Revenue from weddings would pay for much-needed maintenance on the farm, co-caretaker Bryant Turner explained.
“It takes a lot to keep a farm up; everything’s always deteriorating,” he said.
To forge a compromise, Selectman Roger Manzolini proposed a maximum of four events this year, a 9:30 p.m. conclusion for weddings, sound limitations, traffic controls requiring a westbound entry, turning left into the property from East Road and exiting by turning right, as well as an officer to control departing traffic.
Those conditions were supported by Pilson and Hanson as part of a two-year special permit ending in April 2023, with a right to review it this September and in September 2022, with changes, if needed.
Pilson told Jessy Turner, the co-caretaker, that during the annual reviews, she could approach the Select Board with a request to increase annual weddings to six. Based on another public hearing that would demonstrate “either a serious groundswell of unhappiness or acceptance, we could make that decision in September,” Pilson said.

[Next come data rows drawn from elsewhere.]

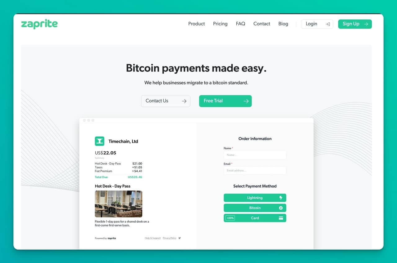- Bitcoin and Fiat Integration: Zaprite enables businesses to receive both Bitcoin and fiat in one integrated payment experience for customers.
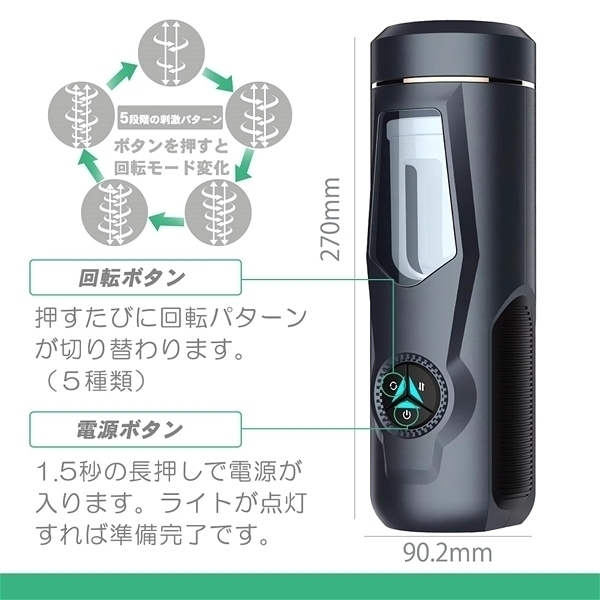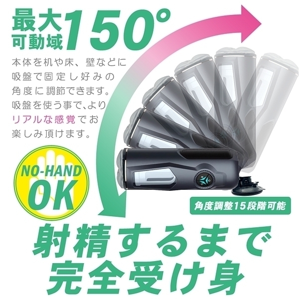 亀頭責めに特化したピストン&回転の電動ホール。5+5パターンの多彩な動きで激しく責め立てる。ピストンと回転で亀頭を強力に刺激する電動ホールです。ピストン+反時計回りの回転パターンが5種類、ピストン+左右への回転パターンが5種類と、計10通りの動作パターンを搭載。操作パネルもシンプルなので直感的な操作が可能です。インナーは簡単に取り外して洗えるので常に清潔な状態を保てます。壁や床などに設置したまま最大150度の角度調整が可能な、強力吸盤も付属しています。
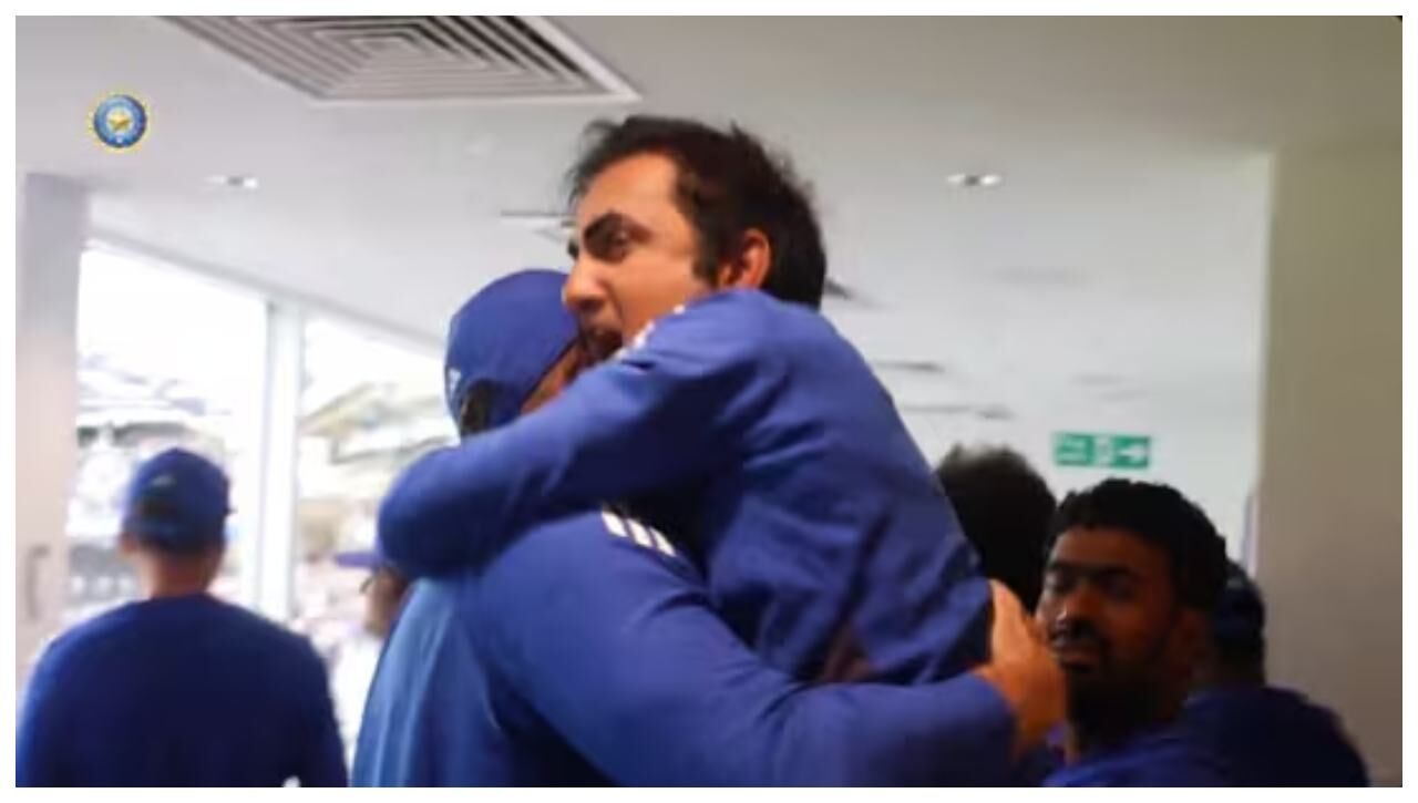 इस जीत के बाद अक्सर गंभीर रहने वाले कोच गौतम इमोशनल हो गए। वो अपनी भावनाओं पर काबू नहीं रख पाए। इसका एक वीडियो वायरल हो रहा, जिसमें गौतम ड्रेसिंग रूम में गोद में ही चढ़ गए।

“We’re comfortable with that, too,” Turner replied. “We want to make everyone happy, so, that’s perfectly fine, it makes complete sense, we appreciate that.”
Other provisions of the special permit include a maximum of 175 people and 125 vehicles, compliance with Board of Health regulations, trash removal by a private contractor, no live music, and events only on Friday night, Saturday night or Sunday afternoon.